Are there any roles you would have liked to have played, in either a recent or a classic musical or play? What are they, and why?

Carol Channing: I don’t know that I’ve ever had time to think about what or whom I would like to have played.  I would, of course, dearly loved to play Dolly in the movie version.  I remember thinking, Oh Jerry’sMame would have been fun.  But how could you top Angela’s performance?  Although she and I did switch roles ever so briefly… oh years ago, during a tribute to Jerry when she came out as Dolly and I as Mame.  Oh, that was fun!

Which performers today do you particularly admire, and why?

Carol Channing: I wish I could answer that with more knowledge.  So many times I’m introduced to someone whose work I know I should know and I don’t.  I’m always so embarrassed that I haven’t kept up better.  I’m awfully impressed with Catherine Zeta Jones.  It’s pronounced Zeeeeeta, you know … Oh, and Kristin Chenoweth.  I’m impressed with her.   There is also a young man I met from a show called “Glee”.  I’ve never seen him on the show, but have worked with him on stage.  Oh, what’s wrong with me?

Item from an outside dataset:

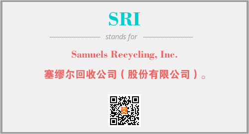 上述内容是“Samuels Recycling, Inc.”作为“SRI”的缩写,解释为“塞缪尔回收公司(股份有限公司)。”时的信息,以及英文缩略词SRI所代表的英文单词,其对应的中文拼音、详细解释以及在英文中的流行度和相关分类、应用领域及应用示例等。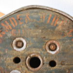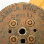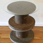 This is an antique industrial spool table from the Camden Wire Co. in New York. This side table is made of 2 mini wooden spools used to hold wire. Each spool has a great patina, distinctive marks and rimmed with metal. There is an optional glass top that comes with it.

Why can’t I remember his name.  Anyway, him.

Had you not become a performer, what field would have interested you?

Carol Channing: Oh!  Ahhhhhh, I don’t know.  I’ve wanted to be a performer since I was 7. I imagine if I hadn’t, I’d have found something associated with the industry.

You’ve led an extraordinary life, on stage and off – what continues to inspire and motivate you?

Carol Channing: Others.  When I see someone who’s passionately working on something, whether on stage or for the community, it inspires me.  My motivation is always that next show, that next character or that next appearance.  I’m always so sure that it will be my best performance or my greatest accomplishment.

Imagine if they were real people who met each other, what would Lorelei Lee have thought of Dolly Gallagher Levi, and vice versa?    

Carol Channing: Isn’t that odd, no one has ever asked me that before.  I imagine they would have gotten along wonderfully.   They were both and are such strong personalities that I think off stage they would have been tremendous friends, but on stage …well, the poor audience would have difficulty focusing on just one of them.  They would overpower each other.